↓
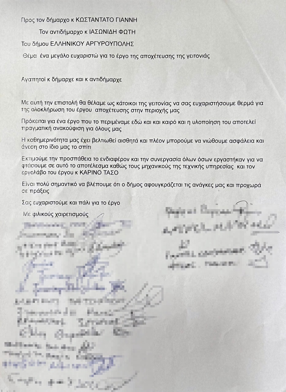 Επιπλέον, οι κάτοικοι της περιοχής απέστειλαν επιστολή ευχαριστιών προς τη Δημοτική Αρχή, επιβεβαιώνοντας την ανακούφιση και την ικανοποίηση των δημοτών για την επίλυση ενός τόσο σοβαρού ζητήματος.
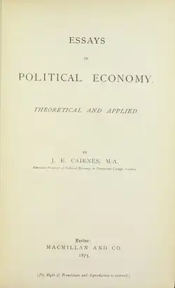 - ^ Blaug, Mark, ed. (1986). "CAIRNES, JOHN ELLIOT". Who's Who in Economics: A Biographical Dictionary of Major Economists 1700-1986 (2nd ed.). Wheatsheaf Books Limited. p. 139 – via Internet Archive.
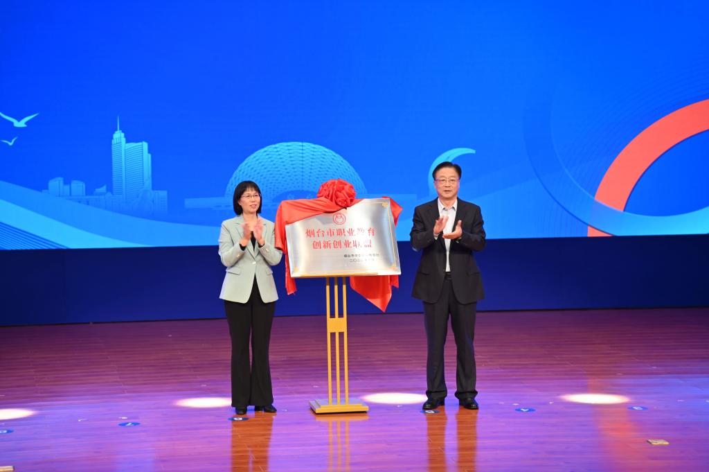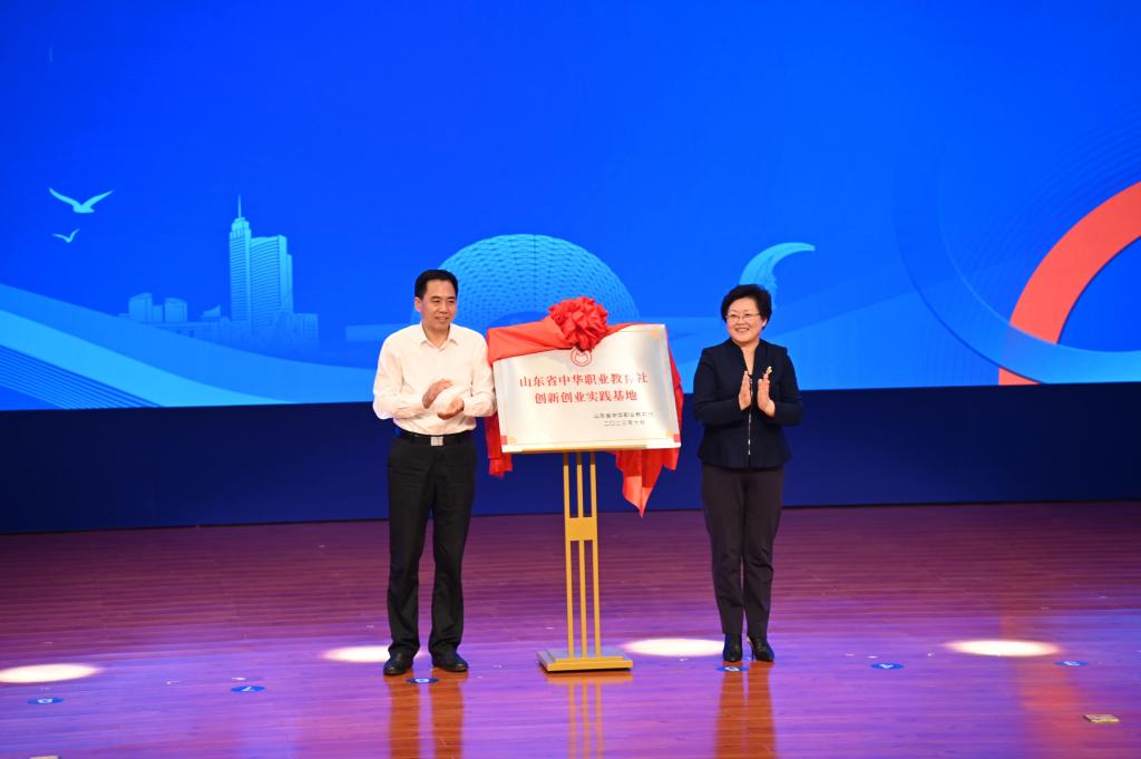 ▲孙中亮与陈新姿为“山东省中华职业教育社创新创业实践基地”揭牌
↑
» WHAT TO WORK ON
Give the listing above again exactly, minus any images.

» RESPONSE AREA
 Επιπλέον, οι κάτοικοι της περιοχής απέστειλαν επιστολή ευχαριστιών προς τη Δημοτική Αρχή, επιβεβαιώνοντας την ανακούφιση και την ικανοποίηση των δημοτών για την επίλυση ενός τόσο σοβαρού ζητήματος.
 - ^ Blaug, Mark, ed. (1986). "CAIRNES, JOHN ELLIOT". Who's Who in Economics: A Biographical Dictionary of Major Economists 1700-1986 (2nd ed.). Wheatsheaf Books Limited. p. 139 – via Internet Archive.
 ▲孙中亮与陈新姿为“山东省中华职业教育社创新创业实践基地”揭牌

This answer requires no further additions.